There were two brothers living together in a house, one of whom did all the work, while the other did nothing but idle, and eat and drink what was ready at hand. And God gave them prosperity in everything–in cattle, in horses, in sheep, in swine, in bees, and in everything else. The one that worked one day began to think to himself: ‘Why should I work for that lazybones as well? It is better that we should separate, and that I should work for myself, and he do as he likes.’
So one day he said to his brother: ‘Brother, it isn’t right. I do all the work, and you don’t help in anything, but merely eat and drink what’s ready. I have made up my mind that we separate.’ The other began to dissuade him: ‘Don’t, brother; it is good for us to be tenants in common; you have everything in your hands, both your own and mine, and I am content whatever you do.’ But the first abode by his determination, so the second gave way, and said to him: ‘If it is so, take your own course; make the division yourself, as you know how.’ Then he divided everything in order, and took everything that was his before him.
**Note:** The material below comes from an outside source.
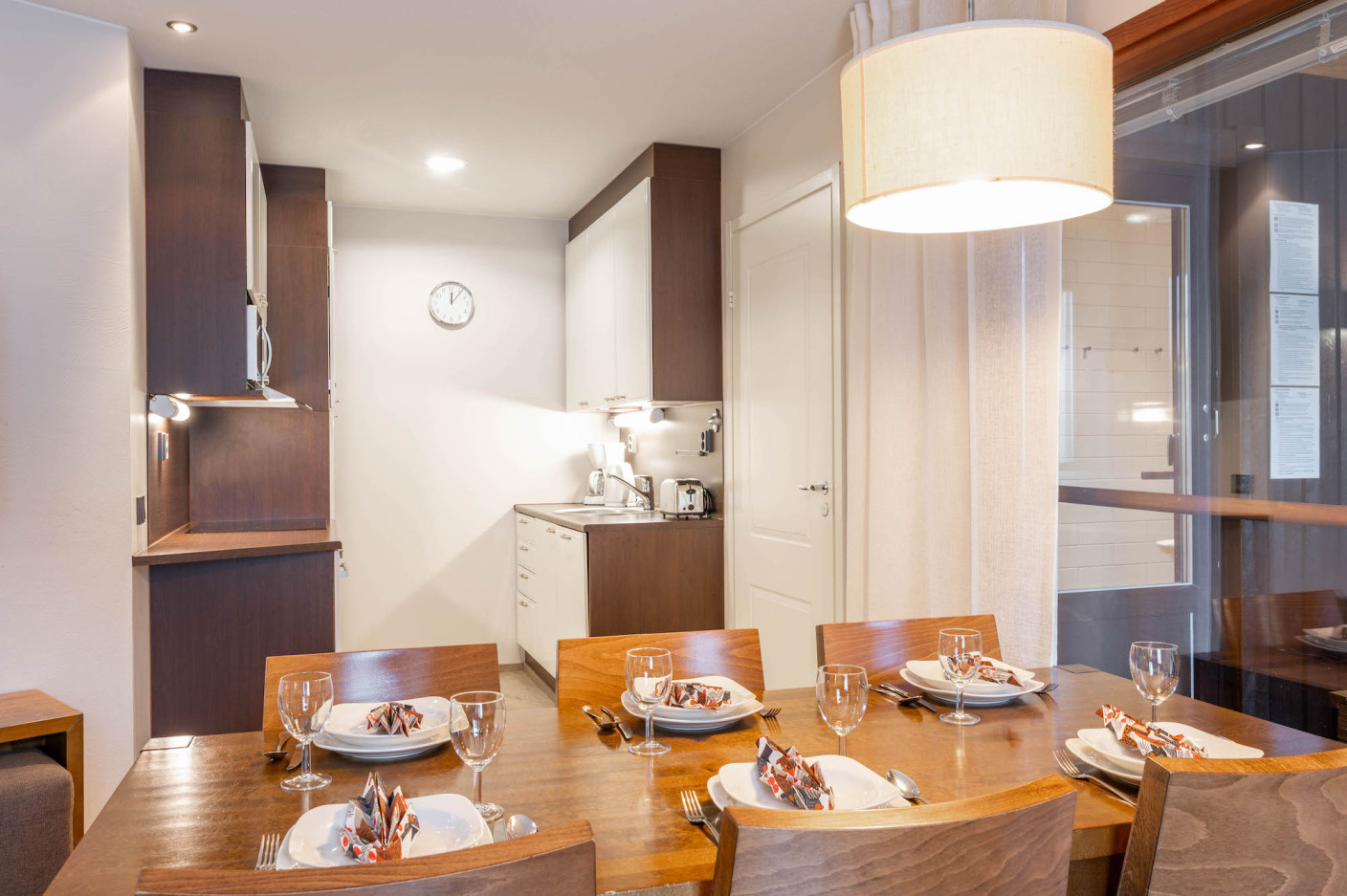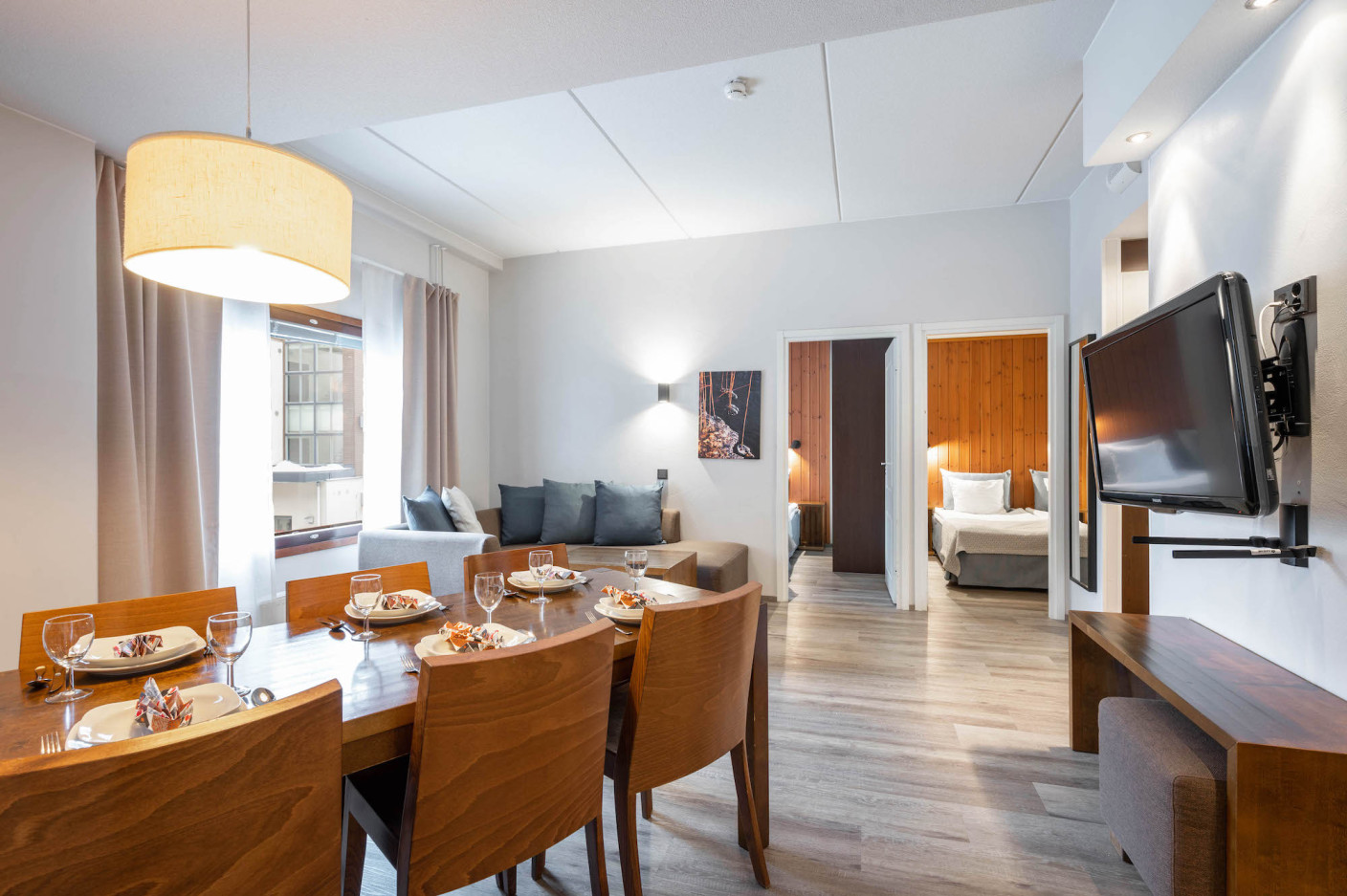 Renovated in 2021, the RukaVillage70 apartments have two separate bedrooms. In the kitchen and living room area, the sofa bed can be used as an extra bed for 1‒2 persons without extra charge. The apartment has two separate WCs as well as a washing machine. The access to the balcony with the jacuzzi is from the sauna department.
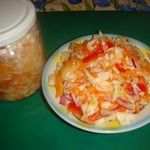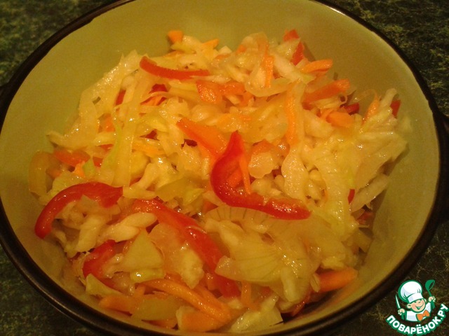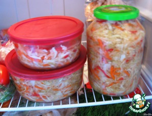 [+5]Двое суток я не вытерпела, попробовала через часов 12. Шикарно! Автор не слукавила. У салата действительно деликатный, ненавязчивый вкус, в отличии от аналогичных рецептов, в основном они "вырви глаз". Я люблю такие ,но этот мне тоже очень понравился.Не было перца, готовила без него. Остальное всё строго по рецепту, пересчитала все пропорции на 1кг капусты.

The do-nothing engaged a herdsman for his cattle, a horsekeeper for his horses, a shepherd for his sheep, a goatherd for his goats, a swineherd for his swine, a beeman for his bees, and said to them: ‘I leave all my property in your hands and God’s,’ and began to live at home as before.
The first took pains about his property himself as before, watched and overlooked, but saw no prosperity, but all loss. From day to day everything went worse, till he became so poverty-stricken, that he hadn’t shoes to his feet, but went barefoot. Then said he to himself: ‘I will go to my brother, and see how it is with him.’ He did so, and as he went came to a flock of sheep in a meadow, and with the sheep there was no shepherd, but a very beautiful damsel was sitting there spinning golden thread. He addressed her: ‘God help you!’ and inquired whose the sheep were. She replied: ‘The sheep belong to the person to whom I belong.’ He asked her further: ‘To whom do you belong?’ She answered: ‘I am your brother’s luck.’ He was put out, and said to her: ‘And where is my luck?’ The damsel answered him: ‘Your luck is far from you.’ ‘But can I find it?’ inquired he, and she replied:
‘You can; go, seek for it.’ When he heard this, and saw that his brother’s sheep were good–so good, that they could not be better, he didn’t care about going further to see other cattle, but went off straight to his brother. When his brother saw him, he had compassion on him, and began to weep: ‘Where have you been so long a time?’ Then, seeing him barehead and barefoot, he gave him at once a pair of boots and some money. Afterwards, when they had enjoyed each other’s company for some days, the visitor rose up to go to his own house. When he got home, he took a wallet on his back, some bread in it, and a staff in his hand, and went into the world to look for his luck. As he travelled, he came to a large wood, and as he went through it, he saw a gray-haired old maid asleep under a bush, and reached out his staff to give her a push.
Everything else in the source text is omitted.